ML can learn from the data that is processed and analysed and the more data it processes, the more it can learn. But, to create such intelligent machines it is useful to develop an understanding of classical statistics that is the LifeBlood of ML algorithms. Coated by the layers of k-nearest neighbours, linear regression, random forest, naïve bayes… machines can develop the cognitive abilities of today’s Artificial Intelligence (AI).

Translating the statistical methodologies that can run on machines through coding and programming is another vital part of ML. As such, R is a powerful statistical language for learning an important and desirable ML skill: code writing for statistical modelling. Using R greatly simplifies machine learning. Using R enables us to focus on developing an understanding of how each algorithm can solve a problem, for which we can simply use a written package to quickly generate prediction models on data with a few command lines.

Types of ML

We will touch upon a few of the most popular ML algorithms from a vast set of its algorithmic tools for understanding data. These tools are broadly classified as supervised or unsupervised. In general, supervised learning involves building a statistical model for estimating or predicting an output based on one or more inputs. There are many examples of their application in pharma and medicine, such as disease identification/diagnosis and personalised treatments, or pricing in business to name a few.
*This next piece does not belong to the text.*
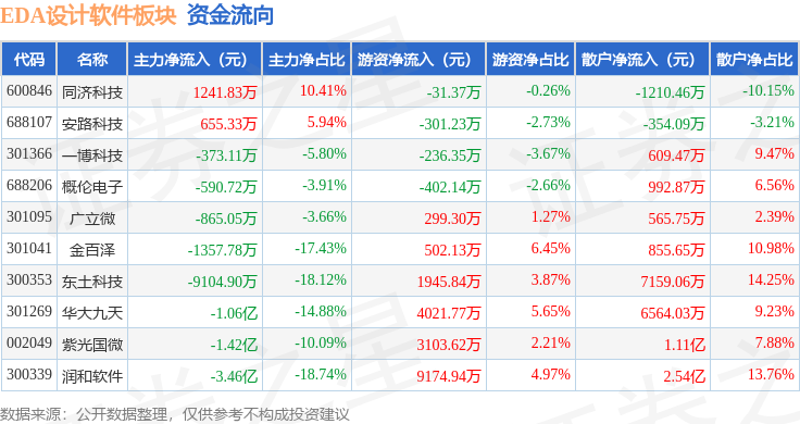 从资金流向上来看,当日EDA设计软件板块主力资金净流出6.97亿元,游资资金净流入1.81亿元,散户资金净流入5.17亿元。EDA设计软件板块个股资金流向见下表:
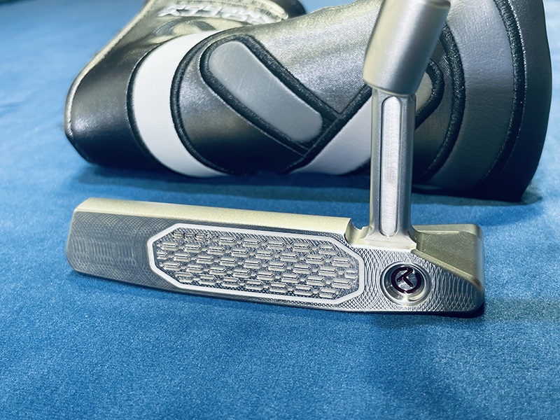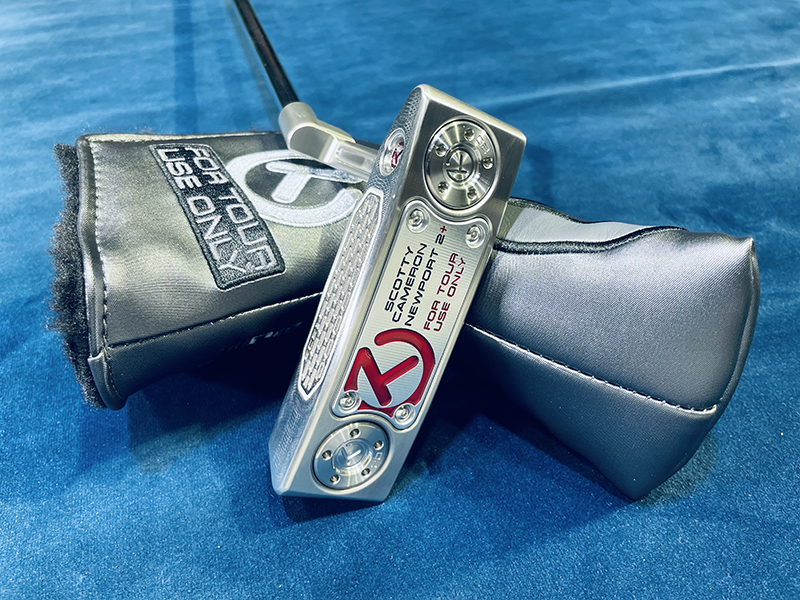 バックキャビティに3チェリーボンブ。ヒール側のボンブにサークルT。フェース面ヒール側にサークルT。ソールにSCOTTY CAMERON、NEWPORT+ 、FOR TOUR USE ONLY。サークルTウェイト、20G。フランジライン。 グリップ:Circle-T full-contact Black/White ヘッドカバー: Circle-T Stick Figure Charcoal

With unsupervised learning, there are inputs but no supervising output; nevertheless, we can learn relationships and structure from such data. One of the most popular examples is a recommender system as a reflection of our consumer behaviour. Other examples can be found in biological genomic studies, market research, security, with the most used example being anomaly detection of malicious activity in an organization’s network etc.

Fuelled by powered computer technologies ML models have evolved considerably in the last decade, advancing into a third category known as reinforcement. Unlike supervised and unsupervised learning, reinforcement learning continuously improves its model advancing from the previous iterations. This differs from the other two categories of ML, which reach an indefinite stage after the model is formulated from the training and test data segments. Examples can be found in computer gaming, skill acquisition such as real time discussion etc.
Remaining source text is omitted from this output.